Belfast Telegraph

Friday 22 August 2014

Fury as feud murder charges dropped

The grieving family of Gerard Devlin today declared they are intent on taking the decision not to prosecute members of the Notorantonio family for murder to the Attorney General.

Speaking as the family of the 39-year-old father-of-six protested outside Belfast Crown Court, Bernadette O’Rawe said they were "absolutely disgusted" at yesterday’s events.

The murder trial was dramatically halted when 21-year-old Francisco Notorantonio pleaded guilty to a charge of manslaughter and the other five, his two uncles 56-year-old Christopher and Anthony (50) and cousins 24-year-old William Notarantonio and Paul Oliver Burns (26), all pleaded guilty to fighting and making an affray in February 2006.

Outside the Laganside court complex today, members of |Mr Devlin’s family held placards aloft stating slogans such as ‘no to PPS secret deals’, ‘no justice here ... what price human life’.

Mrs O’Rawe, Mr Devlin’s aunt, said on behalf of the family: "We were absolutely devastated when the decision was made in there — within an hour of going in we were told it was affray.

"We are not taking this decision lying down, we are taking it to London to the Attorney General and wherever else we can go until we are satisfied that we have been heard."

She added: "Gerard’s life was taken off him but these people will get a slap on the wrist ... a slap on the wrist isn’t good enough."

Asked if the family had known about what was about to transpire, Mrs O’Rawe said they had "no clue whatsoever" and had been given no reason by the PPS as to why they decided to accept the pleas.

She went onto say that the family would have preferred the murder trial to continue, even if the six had been acquitted in the end because "at least we would have come away with the satisfaction that we were heard, that the evidence was tested".
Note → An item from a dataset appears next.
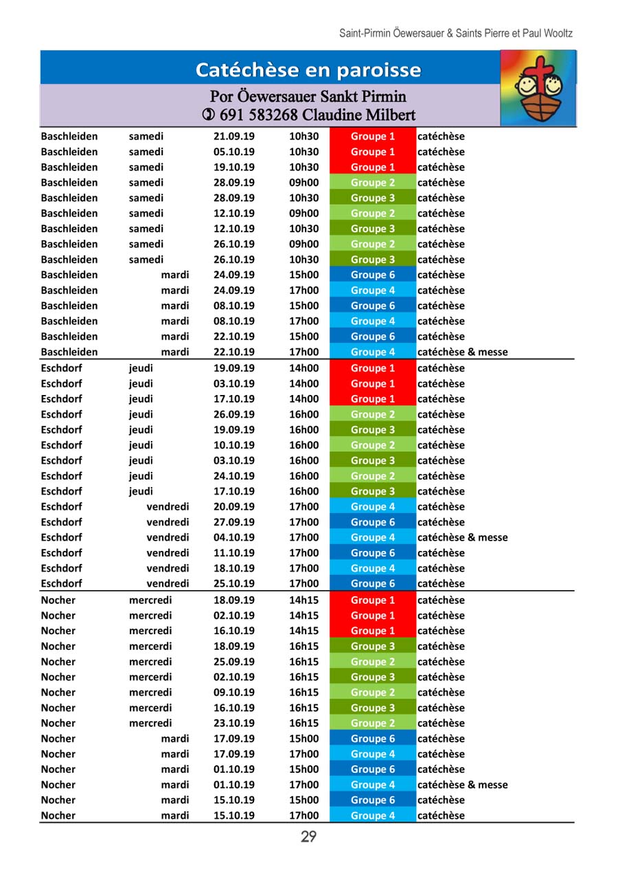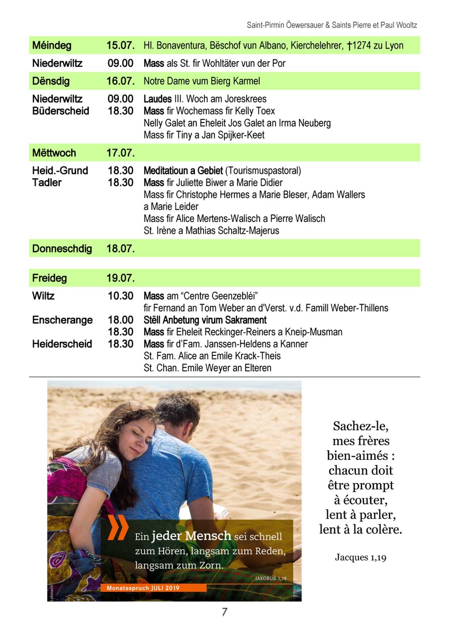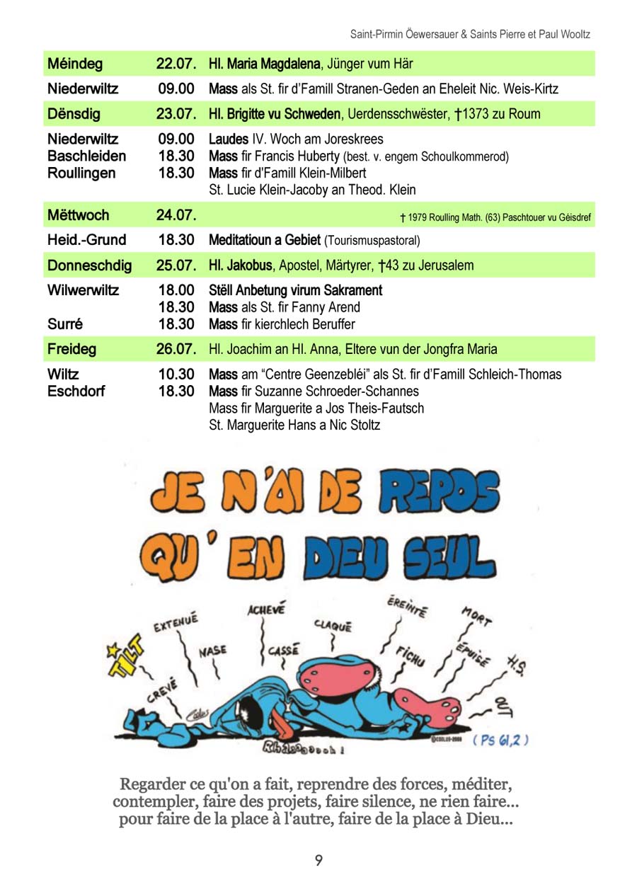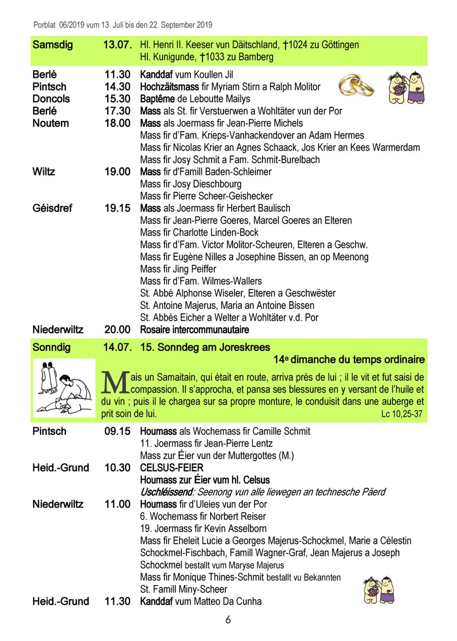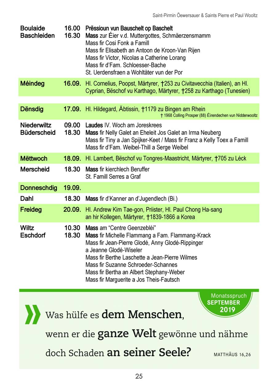 Horraire vun den Massen an Events

The five Notorantonios, all from Whitecliff Parade, and Burns, from Dermot Hill Park, all Belfast, were all remanded into custody after trial judge Mr Justice Stephens heard that between the February 3 stabbing two years ago and last week, there had been 1,162 incidents in the Ballymurphy area.

He was told that "there are tensions, there was a background and remains a background and there are concerns about the policing of the area between now and the sentencing of the accused."

The six will be sentenced after pre-sentence probation reports have been completed.

Mr Devlin (39) was stabbed to death outside his Ballymurphy home in February 2006.

His death sparked a bitter neighbourhood dispute which has rumbled on for over two years.

As the defendants entered the dock at Belfast Crown Court yesterday, Anthony Notarantonio patted a distressed looking Francisco Notarantonio on the shoulders and spoke quietly to him.

The five then all stood and looked directly at the judge as they entered their pleas to the charges.

Around a dozen police officers stood guard in the public gallery, with a line of officers separating the friends and family of Mr Devlin from the friends and families of the five accused men.

As they were led from the dock the defendants began shouting “stitch up” and “political policing”.

Before they were handcuffed they also hurriedly passed a note to the Belfast Telegraph which made the same claims.